Серёжа слезает с высокой кровати, как с забора, перевернувшись на живот и осторожно нащупывая пол.

— А что будет на завтрак? — сидя на полу, интересуется он.

— Да вот, мама «ЦУ» оставила, — и папа вслух читает записку:

«Валя, приготовь Серёже яичницу с колбасой. Чай пейте с вишнёвым вареньем. Баночка — в подполье, на приступочке. Обязательно погуляй с Серёжей. Сегодня холодно, одень ему тёплое пальто и сапожки. Я приду поздно. Ваша мама».

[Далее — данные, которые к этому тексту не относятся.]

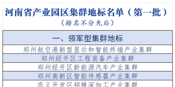 据了解,为贯彻落实省委、省政府关于产业园区改革发展的部署要求,做大做强产业园区主导产业,提升产业园区专业化、特色化、集群化发展水平,打造一批更具辨识度和影响力的产业集群地标,经省辖市研究梳理、第三方评估,形成了第一批特色突出、协作高效、品牌效应凸显、场景资源丰富的标志性产业园区集群。
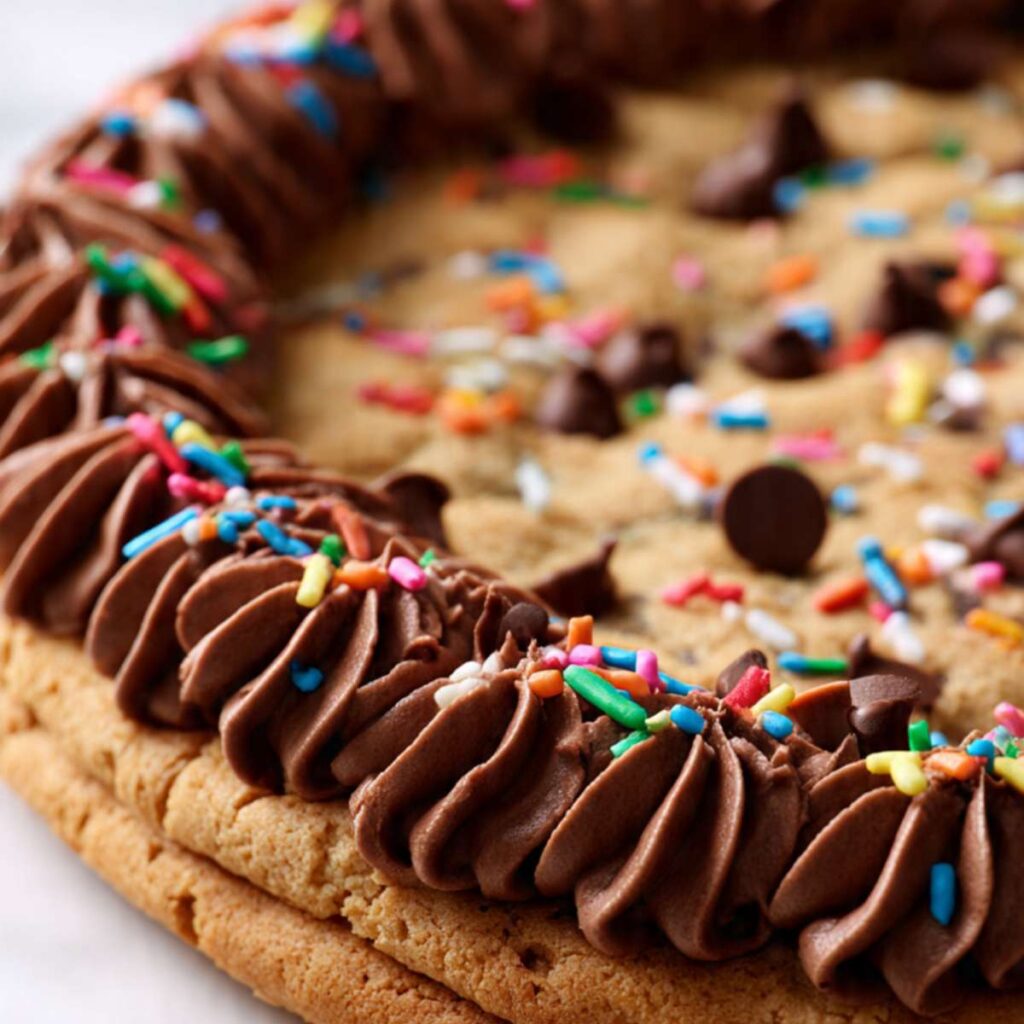 A cookie cake is baked like a cake but mixed like cookie dough, which is why it stays chewy instead of fluffy.

— Понял?.. Яичницу с колбасой и чай с вареньем.

— Я не хочу вместе! Я лучше по очереди, — тянет мальчик.

Папа нерешительно смотрит на сына, видимо, ему тоже хочется «отдельно».

— А знаешь, — с искусственным воодушевлением говорит он, — мы вот что сделаем: каждому выделим «сухой паёк»! Как в походе!

— Как будто мы военные, да? — подхватывает Сережка. — Как будто мы на войне! — он тут же кидается в «свой угол» между окном и кроватью и срочно вооружается.  За стол мальчик садится в полной боевой готовности: ружье и сабля надеты прямо поверх пижамы. Колчан со стрелами заброшен за спину, в четырёх карманах — по пистолету, а гранаты Серёжка ставит перед собой.

Некоторое время за столом тишина. Едят воины, как и полагается, быстро и сосредоточенно. Старший снова погрузился в чтение.

— Ты чего там затих? — выглядывает он из-за газеты.

— Смотрю, — Серёжа проколупал в яйце маленькую дырку и пытается заглянуть в неё.

— Что ты там выглядываешь?

— Цыплёнка.

— Какого ещё цыплёнка?

— Маленького.

— Что за чушь! Ешь!

— А вдруг он там спрятался? И схватит меня за нос?!

— Сергей, давай без глупостей! — это был плохой знак: когда папа называет его полным именем, жди неприятностей.

Ждать Серёжа не стал, быстро управился с «сухим пайком» и, наводя мосты, поинтересовался:

— Ну, и что там пишут?

— Да вот, — не сразу откликается папа из-за газеты, — «Экономика стабилизируется…», «Наша нефть уплывает в Америку», «Гневное осуждение терроризма…», «Отстоим правду с помощью силы…». Понял что-нибудь?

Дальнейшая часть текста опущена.